What you need to do:
Leave every image out, and return the rest of the data word for word.

[Saved data entries]
--------
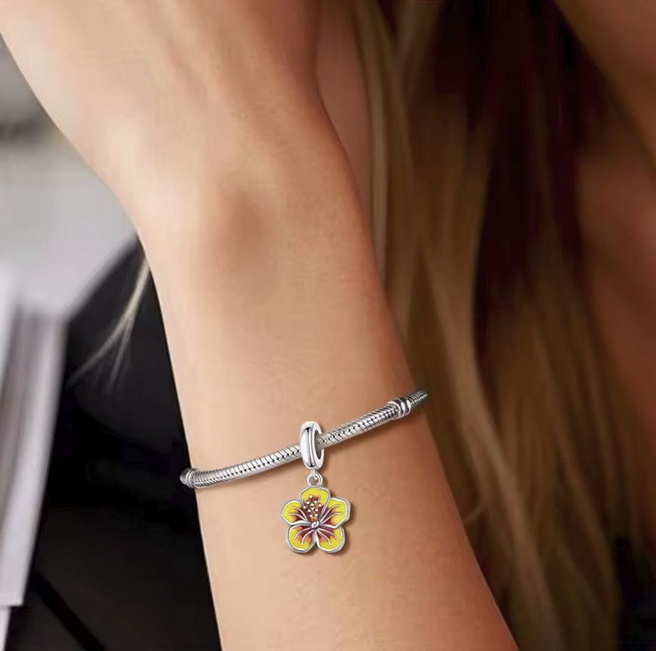 S925 Sterling Silver Yellow Tropical Hibiscus Flower Charm Pendant - AVILIA Designs
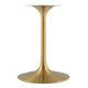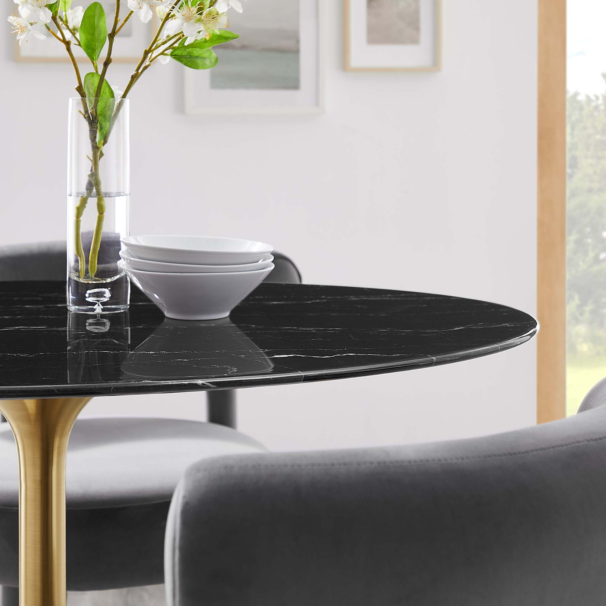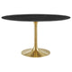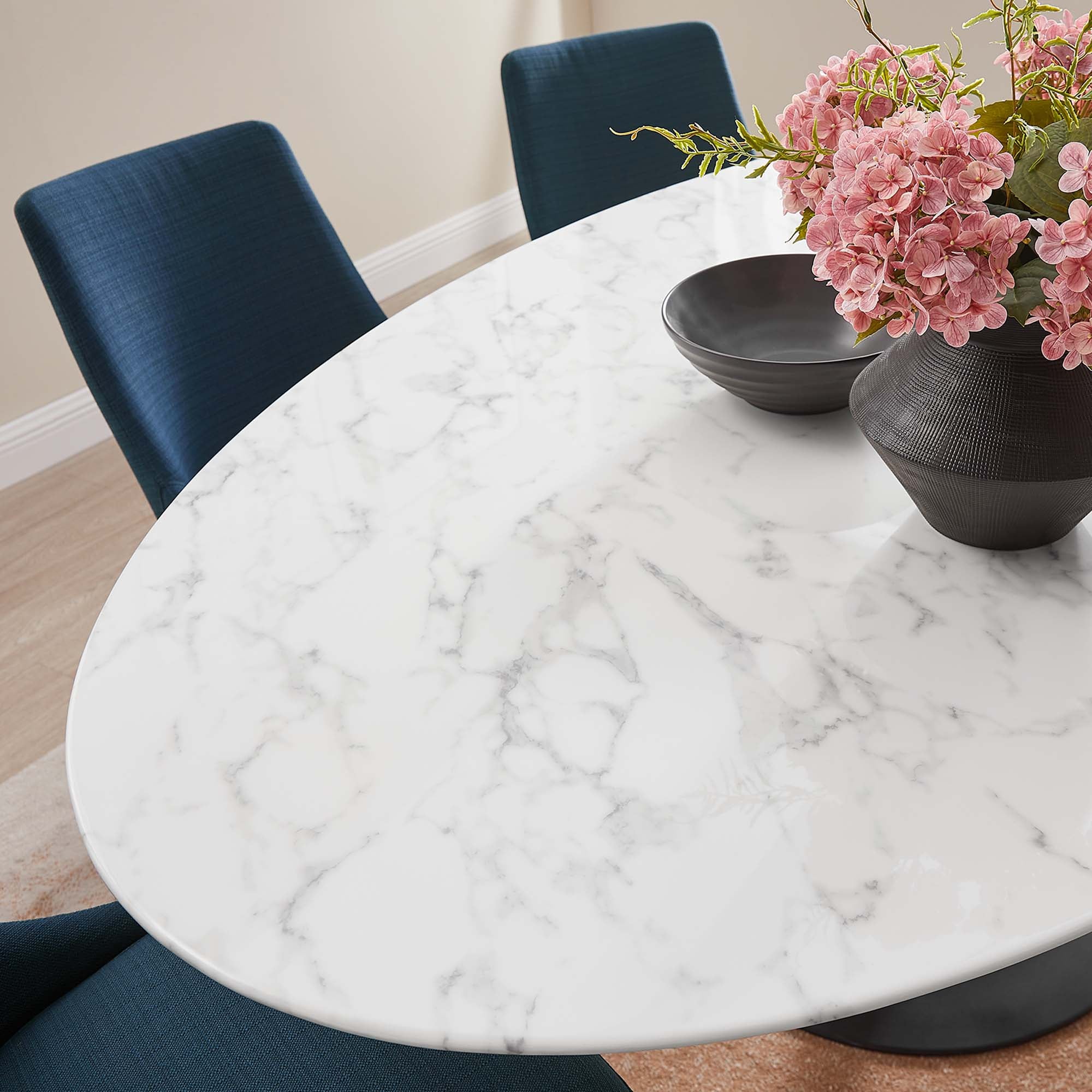 Reflecting a seamless organic shape and timeless form, the Lippa dining table has become a symbol of modernism for over the past 60 years. Before its release, homes were filled with clunky remnants of an industrial age long gone by. But in order to advance into the new world, homes first had to transition from the traditional square table, into a piece that connoted progress. The base and dimensions are true to the original specifications, while the table’s oval-shaped artificial marble top, and tapered metal base, are carefully lacquered with a durable finish.
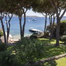 Spanning over 2,000 square meters, the villa's garden showcases majestic centuries-old pines, an immaculate English lawn, and a variety of lush plants. The garden gracefully slopes down to meet the sea, culminating in a beach of extraordinary beauty. For those with a passion for boating, the villa provides a private dock capable of accommodating boats up to approximately 16 meters in length, complete with the necessary concessions and a convenient gangway for easy access to land. Additionally, a private buoy is available for anchoring a boat, while a covered parking space, adorned with a charming pergola, awaits on the street side of the entrance.
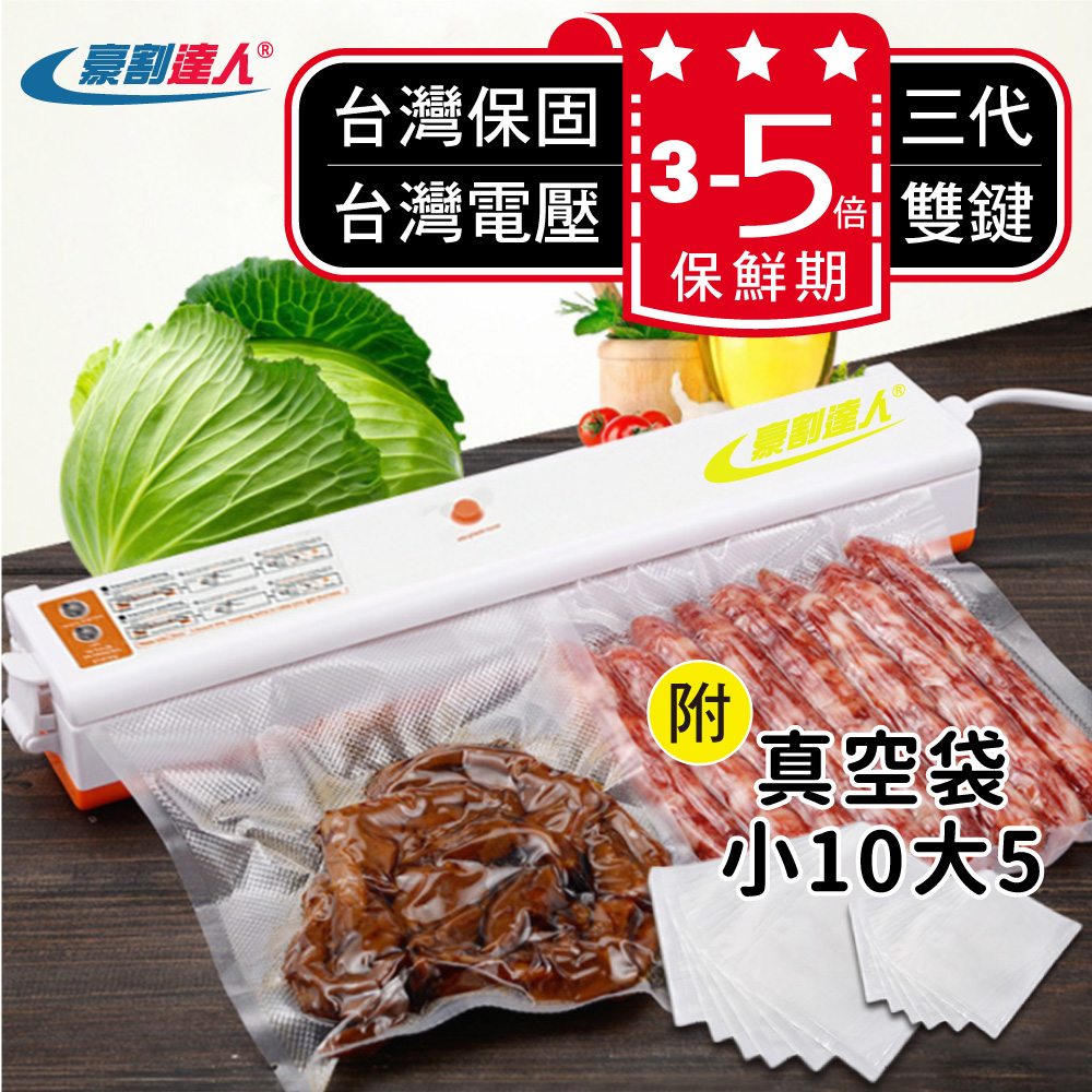 三代特惠1組內含:真空包裝機x1 + SGS食物保鮮真空包裝真空袋(20*25cm*10)+(25*30cm*5)共15入
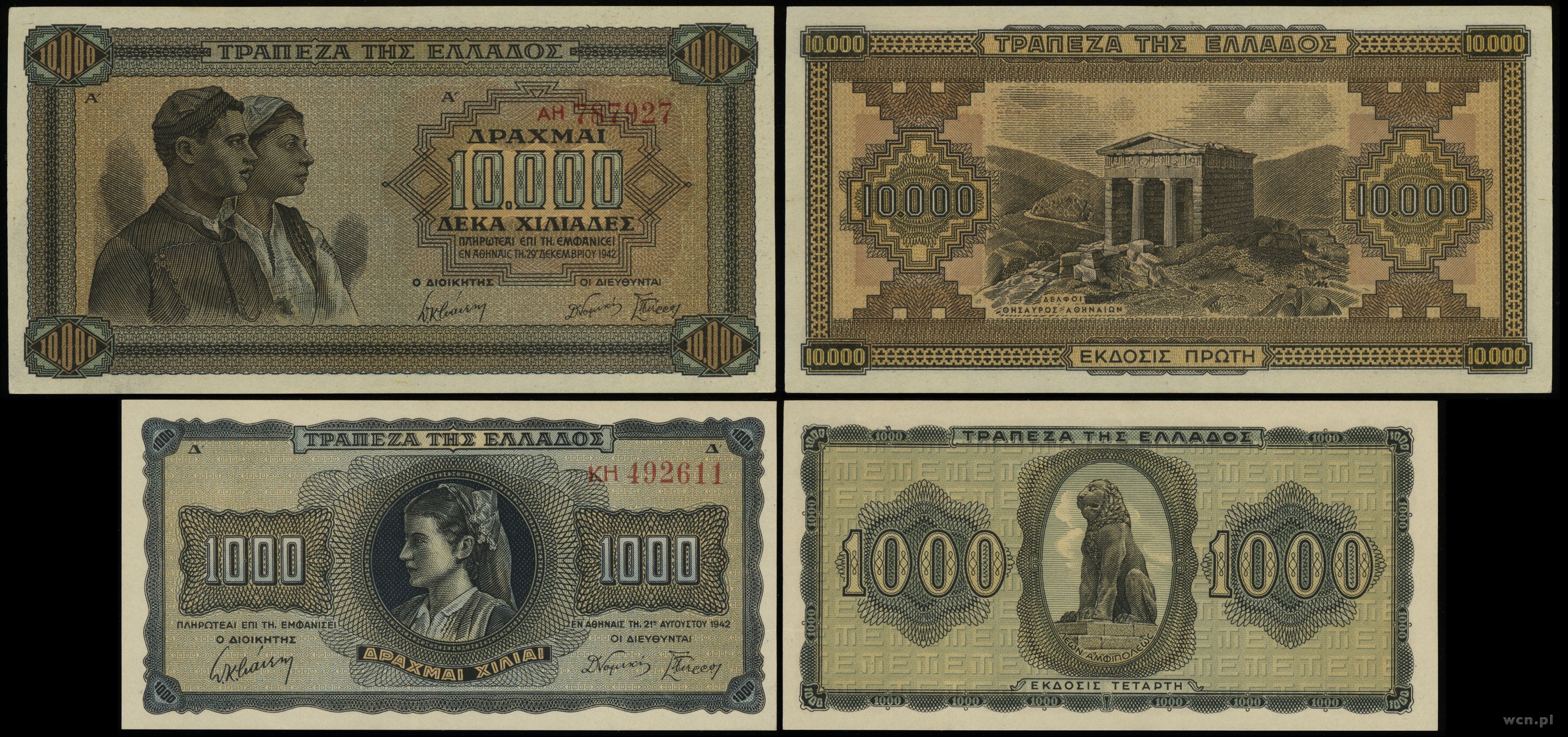 Grecja, zestaw: 1.000 drachm i 10.000 drachm, 21.08.1942 i 29.12.1942
--------
Answer below:
 S925 Sterling Silver Yellow Tropical Hibiscus Flower Charm Pendant - AVILIA Designs
 Reflecting a seamless organic shape and timeless form, the Lippa dining table has become a symbol of modernism for over the past 60 years. Before its release, homes were filled with clunky remnants of an industrial age long gone by. But in order to advance into the new world, homes first had to transition from the traditional square table, into a piece that connoted progress. The base and dimensions are true to the original specifications, while the table’s oval-shaped artificial marble top, and tapered metal base, are carefully lacquered with a durable finish.
 Spanning over 2,000 square meters, the villa's garden showcases majestic centuries-old pines, an immaculate English lawn, and a variety of lush plants. The garden gracefully slopes down to meet the sea, culminating in a beach of extraordinary beauty. For those with a passion for boating, the villa provides a private dock capable of accommodating boats up to approximately 16 meters in length, complete with the necessary concessions and a convenient gangway for easy access to land. Additionally, a private buoy is available for anchoring a boat, while a covered parking space, adorned with a charming pergola, awaits on the street side of the entrance.
 三代特惠1組內含:真空包裝機x1 + SGS食物保鮮真空包裝真空袋(20*25cm*10)+(25*30cm*5)共15入
 Grecja, zestaw: 1.000 drachm i 10.000 drachm, 21.08.1942 i 29.12.1942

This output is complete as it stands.